Os partidos à esquerda do PS, e que sustentam o Governo no Parlamento – BE, PCP e Verdes – também não estão isentos de crítica, tendo inclusivamente votado contra (PCP) ou optado pela abstenção (BE e Verdes) na votação de uma iniciativa parlamentar do PAN que pretendia revogar, precisamente, o famigerado Decreto-Lei 109/94. O argumento? A votação favorável da iniciativa criaria um vazio legal e não impediria a exploração de petróleo em Portugal no futuro. O que propuseram em alternativa?
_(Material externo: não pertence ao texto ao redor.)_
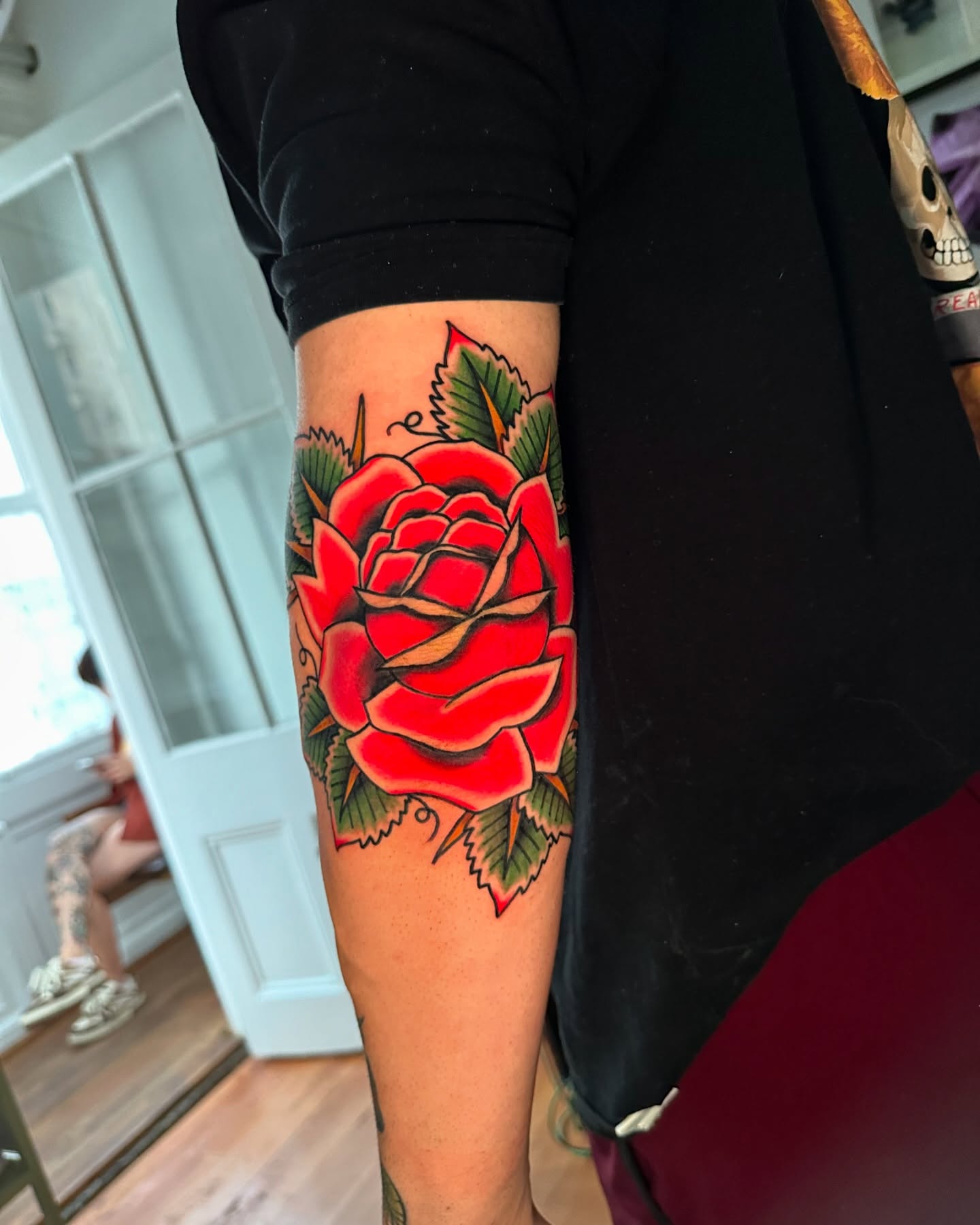 The tattoo features a large, vibrant red rose adorned with detailed green leaves.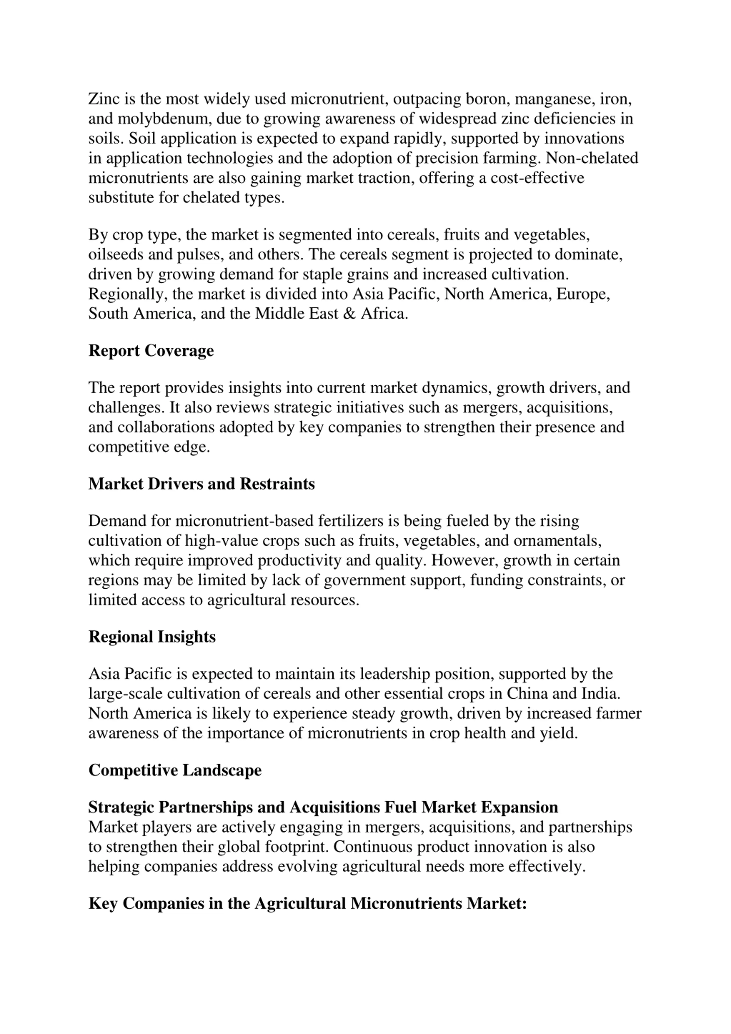 Zinc is the most widely used micronutrient, outpacing boron, manganese, iron, and molybdenum, due to growing awareness of widespread zinc deficiencies in soils. Soil application is expected to expand rapidly, supported by innovations in application technologies and the adoption of precision farming. Non-chelated micronutrients are also gaining market traction, offering a cost-effective substitute for chelated types. By crop type, the market is segmented into cereals, fruits and vegetables, oilseeds and pulses, and others. The cereals segment is projected to dominate, driven by growing demand for staple grains and increased cultivation. Regionally, the market is divided into Asia Pacific, North America, Europe, South America, and the Middle East & Africa. Report Coverage The report provides insights into current market dynamics, growth drivers, and challenges. It also reviews strategic initiatives such as mergers, acquisitions, and collaborations adopted by key companies to strengthen their presence and competitive edge. Market Drivers and Restraints Demand for micronutrient-based fertilizers is being fueled by the rising cultivation of high-value crops such as fruits, vegetables, and ornamentals, which require improved productivity and quality. However, growth in certain regions may be limited by lack of government support, funding constraints, or limited access to agricultural resources. Regional Insights Asia Pacific is expected to maintain its leadership position, supported by the large-scale cultivation of cereals and other essential crops in China and India. North America is likely to experience steady growth, driven by increased farmer awareness of the importance of micronutrients in crop health and yield. Competitive Landscape Strategic Partnerships and Acquisitions Fuel Market Expansion Market players are actively engaging in mergers, acquisitions, and partnerships to strengthen their global footprint. Continuous product innovation is also helping companies address evolving agricultural needs more effectively. Key Companies in the Agricultural Micronutrients Market:

O PCP não propôs nada, o Bloco propôs a obrigatoriedade de avaliação de impacto ambiental para as operações de prospecção de extração de hidrocarbonetos e os Verdes propuseram a suspensão dos contratos no Algarve e na Costa Alentejana (curiosamente, as zonas onde os protestos têm sido mais mediáticos). Nenhuma proposta, portanto, que, por princípio, se opusesse à exploração de petróleo ou que a inviabilizasse no futuro, demonstrando assim que estes partidos, embora se reclamem a favor da luta contra as alterações climáticas e as suas consequências, não estão dispostos a levar até ao final essa luta, pois isso implicaria questionar a fundo o Governo e o modelo energético capitalista vigente. Assim, fica cada vez mais claro que apenas com um Governo de e para os trabalhadores, que rompa com os interesses capitalistas, será possível um novo modelo energético e ambiental sustentável.
Só a mobilização pode impedir a exploração de petróleo e garantir uma política energética sustentável
A atuação dos partidos que suportam o Governo no Parlamento constitui, acima de tudo, a demonstração cabal de que, naquilo que são as questões estratégicas para o país, quem vive do trabalho continua a depender apenas da sua capacidade de mobilização, organização e luta para defender os seus interesses.
Neste momento, apenas as concessões na costa do Algarve e vizinho Alentejo têm sido objeto de contestação popular com alguma dimensão e impacto mediático, reunindo centenas de pessoas. É necessário que mais se mobilizem e se juntem a essas ações de protesto. Contudo, é necessário também que os protestos contra a exploração de petróleo se estendam a todo o país, em particular às outras regiões nas quais foram adjudicados contratos de prospecção e exploração de hidrocarbonetos. O que está em causa não afeta apenas o Algarve, mas sim o país no seu todo. A regionalização dos protestos diminui a sua eficácia, isola quem os promove e, acima de tudo, dispensa o Governo e os partidos com assento parlamentar de assumirem claramente, de uma vez por todas, que modelo energético defendem para o país e de responderem pelas opção políticas que têm feito.